Falling for Figaro (2020) ☆☆1/2(2.5/4): Following her dream

“Falling for Figaro” is a mild and pleasant comedy film which will probably not leave much impression on you when it is over. While it is buoyed a lot by the charming natural presence of its lead actress, it is also pretty predictable and conventional to the core, and I must confess that I simply observed its story and characters from the distance even while getting some entertainment from time to time during my viewing.

Danielle Macdonald, a likable Australian actress who previously drew my attention via her enjoyable lead performance in Netflix comedy film “Dumplin’” (2018), plays Millie Cantwell, a young female American fund manager who suddenly decides to give up her promising professional career just for pursuing her personal dream. After watching a fabulous opera performance during one evening, she becomes quite determined to try on becoming a professional singer, and that certainly perplexes her boyfriend a lot, who is also incidentally her direct supervisor in their workplace.

Surely well aware of how inexperienced she is in many aspects, Millie looks for any good teacher who may be interested in helping her improve her singing skills, and she subsequently approaches to Meghan Geoffrey-Bishop (Joanna Lumley), a former diva who has focused on teaching since she left stages many years ago. Millie is warned about how harsh and cranky Meghan can be, but she is not daunted at all, and we soon see her driving up to a small Scottish village where Meghan has resided since her retirement.

Of course, things do not look that good right from when Millie arrives at the village. There is only one inn which is also the only pub in the village, and the room given to her is not exactly ideal to say the least. Although she has to stay there for next several weeks at least, Millie remains optimistic as before, and she also draws lots of attention from the crusty innkeeper and several other villagers who certainly welcome a little unexpected change in their mostly uneventful village.

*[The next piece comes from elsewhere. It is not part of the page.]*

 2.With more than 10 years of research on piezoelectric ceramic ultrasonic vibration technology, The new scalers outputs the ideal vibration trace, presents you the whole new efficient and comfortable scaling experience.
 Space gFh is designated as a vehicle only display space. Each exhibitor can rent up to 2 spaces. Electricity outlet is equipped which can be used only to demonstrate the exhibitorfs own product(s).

However, Millie’s singing teacher is not so impressed or charmed by Millie at all. Right from their first singing lesson session, Meghan sharply points out how horribly amateurish Millie is, and Millie actually comes to consider quitting after her first grueling experience with Meghan, but she soon regains her plucky spirit nevertheless while also trying as hard as possible. Still strict and acerbic as usual, Meghan comes to discern considerable raw potential from her new student, and Millie consequently becomes more professional bit by bit under Meghan’s guidance.

Meanwhile, the movie also focuses on a local lad named Max Thistlewaite (Hugh Skinner), who was incidentally Meghan’s only student before Millie came. As Meghan’s attention is drawn more to Millie, Max cannot help but become jealous a times, but he also finds himself more motivated than before. Both he and Millie are going to participate in the upcoming nationwide singing competition, so Meghan has them practice together for enhancing each other, and, what do you know, we sense certain mutual feelings gradually developed between them.

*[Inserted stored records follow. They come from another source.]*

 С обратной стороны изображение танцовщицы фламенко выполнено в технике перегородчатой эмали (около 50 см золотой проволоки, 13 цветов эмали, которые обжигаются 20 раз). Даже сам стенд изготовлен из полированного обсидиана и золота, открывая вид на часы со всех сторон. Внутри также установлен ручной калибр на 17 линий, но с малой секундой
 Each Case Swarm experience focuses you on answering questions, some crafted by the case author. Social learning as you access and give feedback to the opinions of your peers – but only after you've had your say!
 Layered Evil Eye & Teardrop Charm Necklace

After taking some time in establishing its main characters during its first half, the screenplay by director Ben Lewin and his co-writer Allen Palmer hops from one expected moment to another during its second half. Yes, our heroine surely becomes quite nervous and vulnerable during a local preliminary contest, but it is not much of a spoiler to tell you that she will eventually overcome, though I must say that there is a little surprise from what she sings during this part. Yes, our heroine becomes a bit conflicted when her boyfriend comes to show some support while she feels attracted to Max, but you can clearly see how this situation will be resolved in the end.

Anyway, the movie does not disappoint us at all in case of its several performance scenes. The arias from many different famous operas ranging from “La Traviata” to “The Barber of Seville” are performed on the screen, and, yes, that famous aria from “The Marriage of Figaro” also appears during one showstopper moment later in the story.

The solid performance from the three main cast members in the film overcome the conventional aspects of the story and characters at times. While Macdonald’s spirited comic performance ably carries the film to the end, she and Hugh Skinner, whose singings are respectively done by Stacey Alleaume and Nathan Lay, have nice low-key chemistry between them, and it is a shame that the movie often pushes their good efforts into distracting plot contrivance instead of going for more development on their characters’ rocky relationship. Around Macdonald and Skinner, Joanna Lumley has some juicy fun with her cantankerous character, and she is especially funny during her several scenes with Gary Lewis, who holds his small place fairly well as a supporting character who was probably quite close to Meghan some time ago.

On the whole, “Falling for Figaro” mostly works as a casual crowd-pleaser for general movie audiences, and I was not surprised when an acquaintance of mine told me later that she actually watched it twice. I can now think of several better comedy films about opera singing such as “Florence Foster Jenkins” (2016), but it is not boring at least, and I think you will not waste your time and money if you just look for some lightweight fun.